WORK TO BE COMPLETED:
Exactly the lines below from the line with "2. Cropped Shirt" through the line with "زجاجة بيضاء أنيقة" must make up the answer, both ends included and pictures left out.

EXERCISE MATERIAL:

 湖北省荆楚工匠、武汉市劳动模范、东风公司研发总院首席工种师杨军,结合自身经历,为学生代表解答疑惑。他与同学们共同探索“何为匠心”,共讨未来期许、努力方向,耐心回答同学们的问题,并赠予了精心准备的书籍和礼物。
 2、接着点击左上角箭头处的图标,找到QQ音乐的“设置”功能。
--
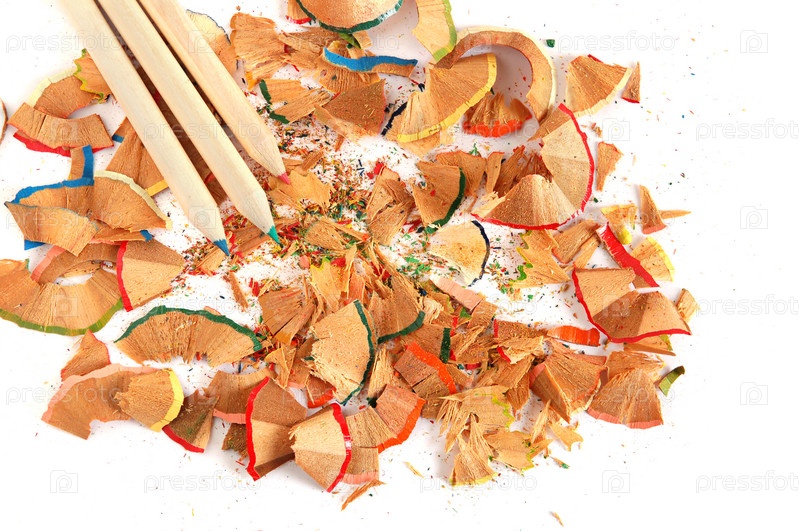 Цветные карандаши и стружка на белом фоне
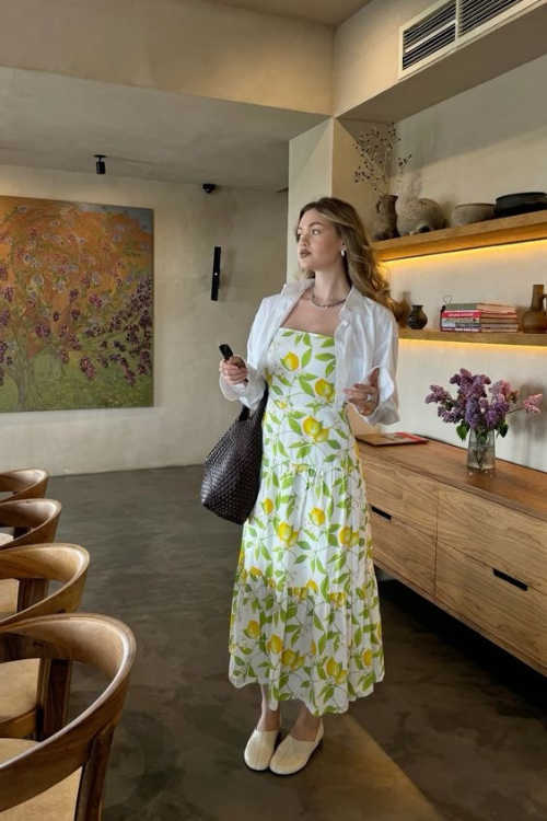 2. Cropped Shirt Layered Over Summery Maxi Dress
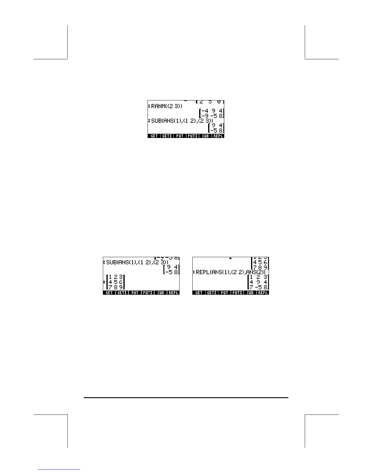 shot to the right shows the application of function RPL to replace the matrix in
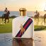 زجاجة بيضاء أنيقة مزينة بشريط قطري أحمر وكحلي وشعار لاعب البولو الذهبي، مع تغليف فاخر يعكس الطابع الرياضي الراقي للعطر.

YOUR SOLUTION:
 2. Cropped Shirt Layered Over Summery Maxi Dress
 shot to the right shows the application of function RPL to replace the matrix in
 زجاجة بيضاء أنيقة مزينة بشريط قطري أحمر وكحلي وشعار لاعب البولو الذهبي، مع تغليف فاخر يعكس الطابع الرياضي الراقي للعطر.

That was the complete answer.